● Exercise instructions
Include in the reply only the lines from the start of the data below through the line containing "Afralia™ Handcrafted Ceramic", reproduced exactly and with no pictures.

[Supplied information — start]

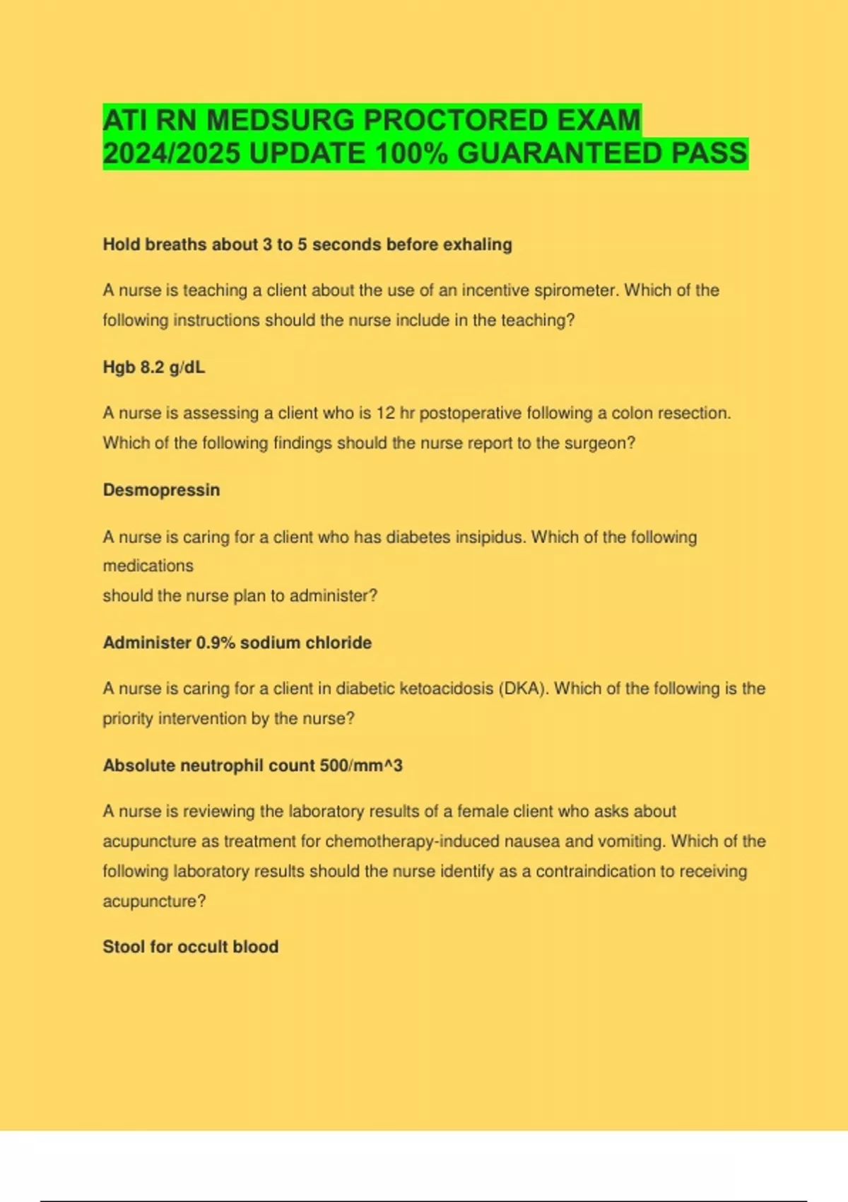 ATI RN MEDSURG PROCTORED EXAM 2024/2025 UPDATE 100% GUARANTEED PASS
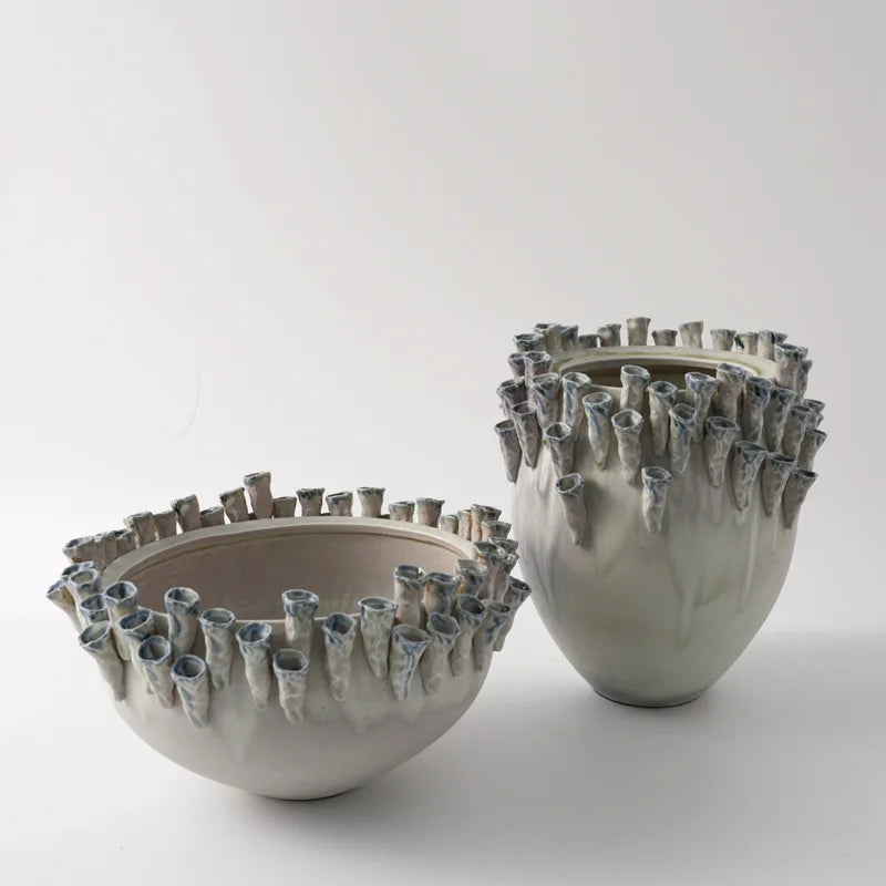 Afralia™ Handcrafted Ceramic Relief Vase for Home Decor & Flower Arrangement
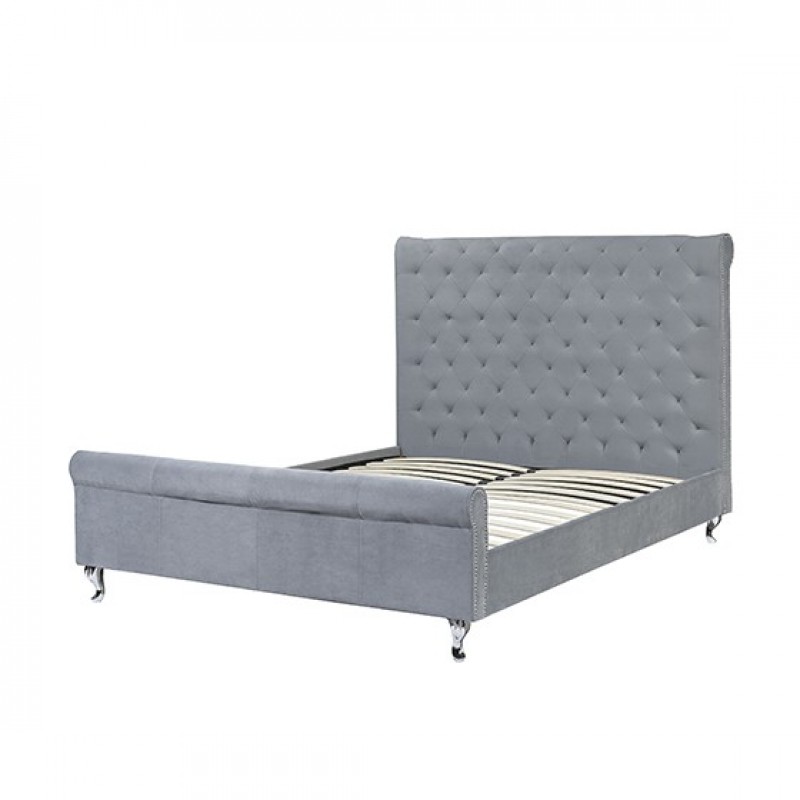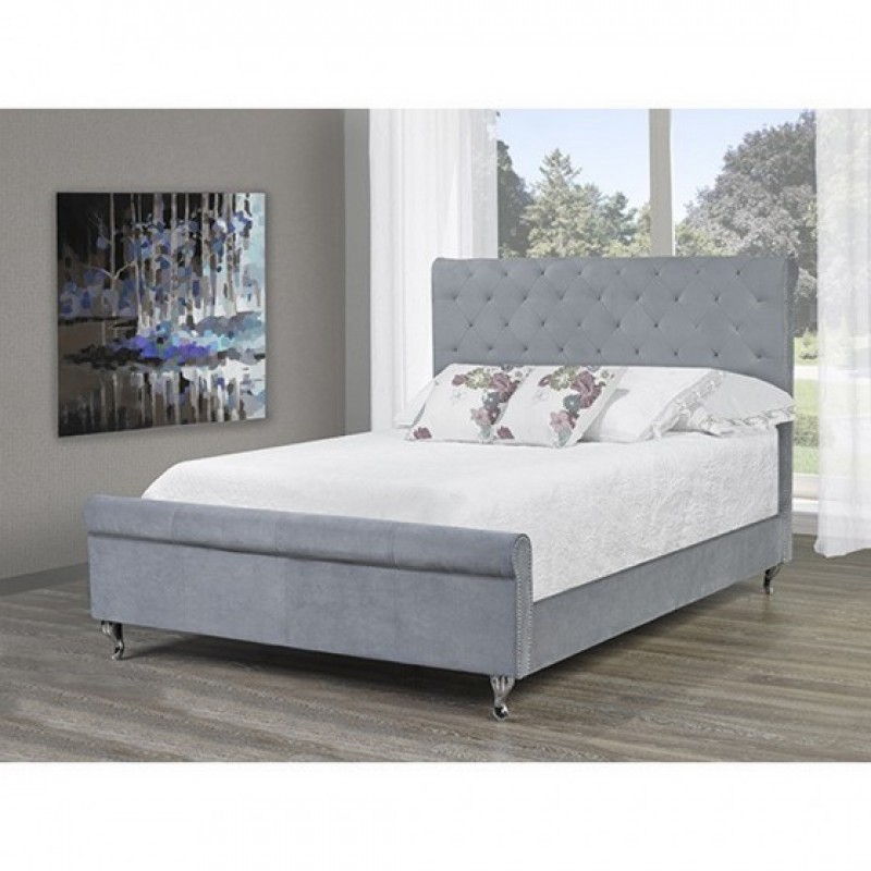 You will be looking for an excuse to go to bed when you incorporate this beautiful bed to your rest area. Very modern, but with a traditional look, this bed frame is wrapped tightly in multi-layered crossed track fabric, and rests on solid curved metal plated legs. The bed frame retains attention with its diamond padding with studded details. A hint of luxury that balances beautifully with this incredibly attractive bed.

[Supplied information — finish]

● Exercise solution
 ATI RN MEDSURG PROCTORED EXAM 2024/2025 UPDATE 100% GUARANTEED PASS
 Afralia™ Handcrafted Ceramic Relief Vase for Home Decor & Flower Arrangement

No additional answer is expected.